Experiments can be setup to prove something, to disprove something or to find out something.

A trumpet professor at Indiana U, Bill Adam, did some experiments a few years ago with an air gun. He stretched a piece of leather and secured it very tightly over the mouthpiece of a trumpet.

He then poked a tiny hole in the center which serves as the aperture. Then he used a compressor which blows highly accelerated air across the hole in the leather.

He said it produced an extremely loud and high note, much like an air horn.

He concluded that the sound produced by a trumpet is the result of sympathetic vibrations that are setup in the tubing. The more the air is accelerated the easier it should be to produce high notes.

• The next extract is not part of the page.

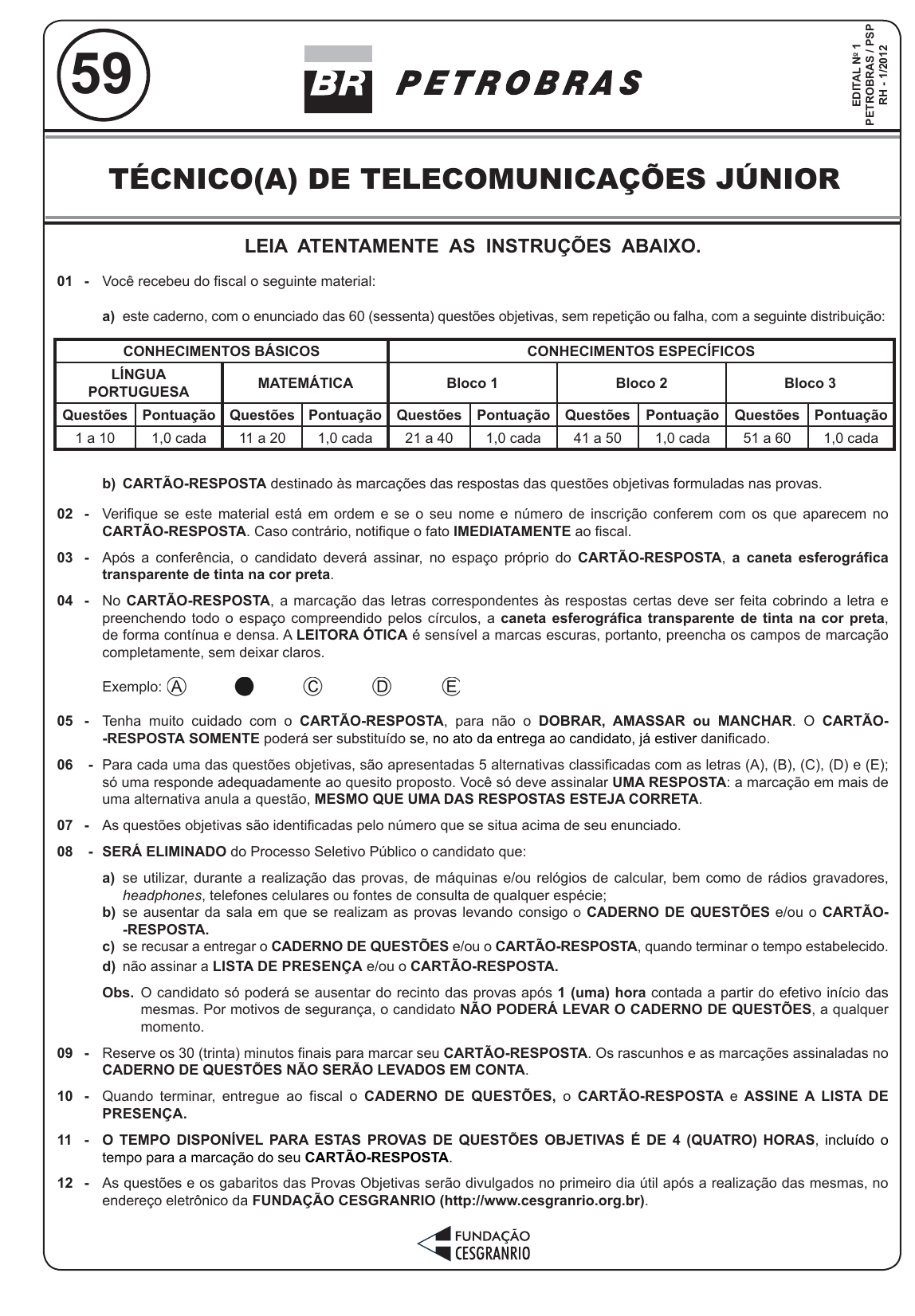 pcimarkpci MDAwMDowMDAwOjAwMDA6MDAwMDowMDAwOmZmZmY6MzZlOTpjMjU5:U2F0LCAxMSBTZXAgMjAyMSAwNjo0NzoxNSAtMDMwMA== TÉCNICO(A) DE TELECOMUNICAÇÕES JÚNIOR1 LEIA ATENTAMENTE AS INSTRUÇÕES ABAIXO. 01 - Você recebeu do fiscal o seguinte material: a) este caderno, com o enunciado das 60 (sessenta) questões objetivas, sem repetição ou falha, com a seguinte distribuição: b) CARTÃO-RESPOSTA destinado às marcações das respostas das questões objetivas formuladas nas provas. 02 - Verifique se este material está em ordem e se o seu nome e número de inscrição conferem com os que aparecem no CARTÃO-RESPOSTA. Caso contrário, notifique o fato IMEDIATAMENTE ao fiscal. 03 - Após a conferência, o candidato deverá assinar, no espaço próprio do CARTÃO-RESPOSTA, a caneta esferográfica transparente de tinta na cor preta. 04 - No CARTÃO-RESPOSTA, a marcação das letras correspondentes às respostas certas deve ser feita cobrindo a letra e preenchendo todo o espaço compreendido pelos círculos, a caneta esferográfica transparente de tinta na cor preta, de forma contínua e densa. A LEITORA ÓTICA é sensível a marcas escuras, portanto, preencha os campos de marcação completamente, sem deixar claros. Exemplo: 05 - Tenha muito cuidado com o CARTÃO-RESPOSTA, para não o DOBRAR, AMASSAR ou MANCHAR. O CARTÃO- -RESPOSTA SOMENTE poderá ser substituído se, no ato da entrega ao candidato, já estiver danificado. 06 - Para cada uma das questões objetivas, são apresentadas 5 alternativas classificadas com as letras (A), (B), (C), (D) e (E); só uma responde adequadamente ao quesito proposto. Você só deve assinalar UMA RESPOSTA: a marcação em mais de uma alternativa anula a questão, MESMO QUE UMA DAS RESPOSTAS ESTEJA CORRETA. 07 - As questões objetivas são identificadas pelo número que se situa acima de seu enunciado. 08 - SERÁ ELIMINADO do Processo Seletivo Público o candidato que: a) se utilizar, durante a realização das provas, de máquinas e/ou relógios de calcular, bem como de rádios gravadores, headphones, telefones celulares ou fontes de consulta de qualquer espécie; b) se ausentar da sala em que se realizam as provas levando consigo o CADERNO DE QUESTÕES e/ou o CARTÃO- -RESPOSTA. c) se recusar a entregar o CADERNO DE QUESTÕES e/ou o CARTÃO-RESPOSTA, quando terminar o tempo estabelecido. d) não assinar a LISTA DE PRESENÇA e/ou o CARTÃO-RESPOSTA. Obs. O candidato só poderá se ausentar do recinto das provas após 1 (uma) hora contada a partir do efetivo início das mesmas. Por motivos de segurança, o candidato NÃO PODERÁ LEVAR O CADERNO DE QUESTÕES, a qualquer momento. 09 - Reserve os 30 (trinta) minutos finais para marcar seu CARTÃO-RESPOSTA. Os rascunhos e as marcações assinaladas no CADERNO DE QUESTÕES NÃO SERÃO LEVADOS EM CONTA. 10 - Quando terminar, entregue ao fiscal o CADERNO DE QUESTÕES, o CARTÃO-RESPOSTA e ASSINE A LISTA DE PRESENÇA. 11 - O TEMPO DISPONÍVEL PARA ESTAS PROVAS DE QUESTÕES OBJETIVAS É DE 4 (QUATRO) HORAS, incluído o tempo para a marcação do seu CARTÃO-RESPOSTA. 12 - As questões e os gabaritos das Provas Objetivas serão divulgados no primeiro dia útil após a realização das mesmas, no endereço eletrônico da FUNDAÇÃO CESGRANRIO (http://www.cesgranrio.org.br). 59 TÉCNICO(A) DE TELECOMUNICAÇÕES JÚNIOR CONHECIMENTOS BÁSICOS CONHECIMENTOS ESPECÍFICOS LÍNGUA PORTUGUESA MATEMÁTICA Bloco 1 Bloco 2 Bloco 3 Questões Pontuação Questões Pontuação Questões Pontuação Questões Pontuação Questões Pontuação 1 a 10 1,0 cada 11 a 20 1,0 cada 21 a 40 1,0 cada 41 a 50 1,0 cada 51 a 60 1,0 cada ED IT A L N o 1 PE TR O B R A S / P SP R H - 1/ 20 12 pcimarkpci MDAwMDowMDAwOjAwMDA6MDAwMDowMDAwOmZmZmY6MzZlOTpjMjU5:U2F0LCAxMSBTZXAgMjAyMSAwNjo0NzoxNSAtMDMwMA== TÉCNICO(A) DE TELECOMUNICAÇÕES JÚNIOR 2 CONHECIMENTOS BÁSICOS LÍNGUA PORTUGUESA O futuro segundo os brasileiros Em 2050, o homem já vai ter chegado a Marte, e comprar pacotes turísticos para o espaço será corri- queiro. Em casa e no trabalho, vamos interagir regu- larmente com máquinas e robôs, que também deve- rão tomar o lugar das pessoas em algumas funções de atendimento ao público, e, nas ruas, os carros te- rão um sistema de direção automatizada. Apesar dis- so, os implantes corporais de dispositivos eletrônicos não serão comuns, assim como o uso de membros e outros órgãos cibernéticos. Na opinião dos brasilei- ros, este é o futuro que nos aguarda, revela pesquisa da empresa de consultoria OThink, que ouviu cerca de mil pessoas em todo o país entre setembro e ou- tubro do ano passado. [...] De acordo com o levantamento, para quase me- tade das pessoas ouvidas (47%) um homem terá pisado em Marte até 2050. Ainda nesse ano, 49% acham que será normal comprar pacotes turísticos para o espaço. Em ambos os casos, os homens es- tão um pouco mais confiantes do que as mulheres, tendência que se repete quando levadas em conta a escolaridade e a classe social. As respostas demonstram que a maioria da população tem acompanhado com interesse esses temas – avalia Wagner Pereira, gerente de inteli- gência Estratégica da OThink. – E isso também é um sinal de que aumentou o acesso a esse tipo de informação pelos brasileiros. [...] – Nossa vida está cada vez mais automatizada e isso ajuda o brasileiro a vislumbrar que as coisas vão manter esse ritmo de inovação nos próximos anos – comenta Pereira. – Hoje, o Brasil tem quase 80 milhões de internautas e a revolução que a internet produziu no nosso modo de viver, como esse acesso maior à informação, contribui muito para esta visão otimista do futuro. Já a resistência do brasileiro quando o tema é modificar o corpo humano é natural, analisa o exe- cutivo. De acordo com o levantamento, apenas 28% dos ouvidos creem que a evolução da tecnologia vai levar ao desenvolvimento e uso de partes do corpo artificiais que funcionarão melhor do que as naturais, enquan

Mr. Adam did a great deal for trumpet playing but he was not using good scientific principles. Mr. Adam was trying to prove that embouchure is not as important as air.

He did prove that a note can be produced through an open hole.

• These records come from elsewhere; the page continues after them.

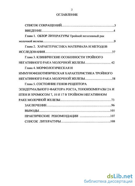 Глава 5. Состояние генов рецептора эпидермального фактора роста, топоизомеразы 2а и птен и хромосом 7, 10 и 17 в тройном негативном раке молочной железы 73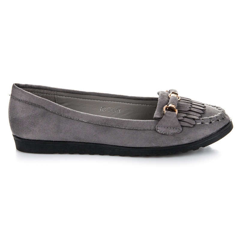 Die Fransen sind ein interessantes Detail, das diese Schuhe auszeichnet und ihnen einen leicht lässigen, aber schicken Look verleiht. Dank der universellen grauen Farbe passen diese Mokassins perfekt sowohl zu alltäglichen als auch zu formelleren Stilen.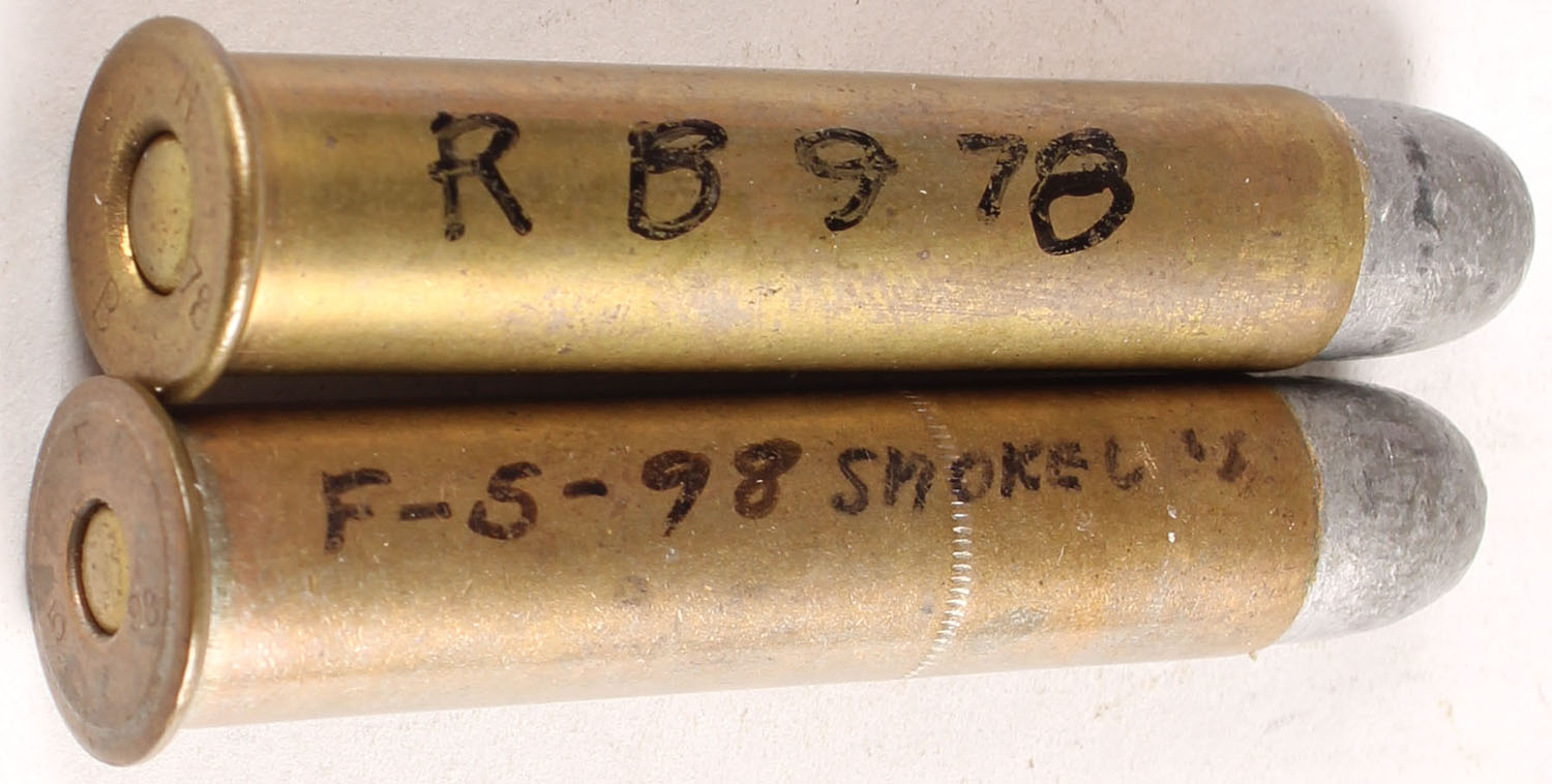 Lot of 2. 45-70 Govt. (1) HS:''R 78 B 9'', RN Lead, contract from UMC. (1) HS:''F 98 5'', RN Lead with ratchet cannelure on case, SMOKELESS load. - Value: 30 to 50

He did NOT prove it is impossible to buzz and play or which is more efficient.

In 1962 Robert Weast did some studies with a machine that blew pressurized air through rubber lips that were under tension.

The amounts of pressure do NOT compare with what we encounter. But the general findings do.

Using 5 oz of air pressure (oz/si) these notes were produced:

Ab ( 1 oz of membrane tension),

A ( 2 oz of membrane tension),

Bb ( 5 oz of membrane tension),

B ( 6 oz of membrane tension),

C ( 7 oz of membrane tension),

D ( 8 oz of membrane tension).

Although both open and closed produce notes. Open needs more air than closed. Closed with the same airspeed as open gives a higher note.

The D could be produced with:

14 oz of air @ 1 oz of tension,

13 oz of air @ 2 oz of tension,

12 oz of air @ 5 oz of tension,

9 oz of air @ 6 oz of tension,

7 oz of air @ 7 oz of tension,

5 oz of air @ 8 oz of tension.

He had NO way to add lip compression. He could make the hole bigger and smaller by tension alone.

The looser lip setting required more air pressure to play higher notes.

Don't confuse tension with compression. Lips CAN be compressed but relaxed and they CAN be tense and open.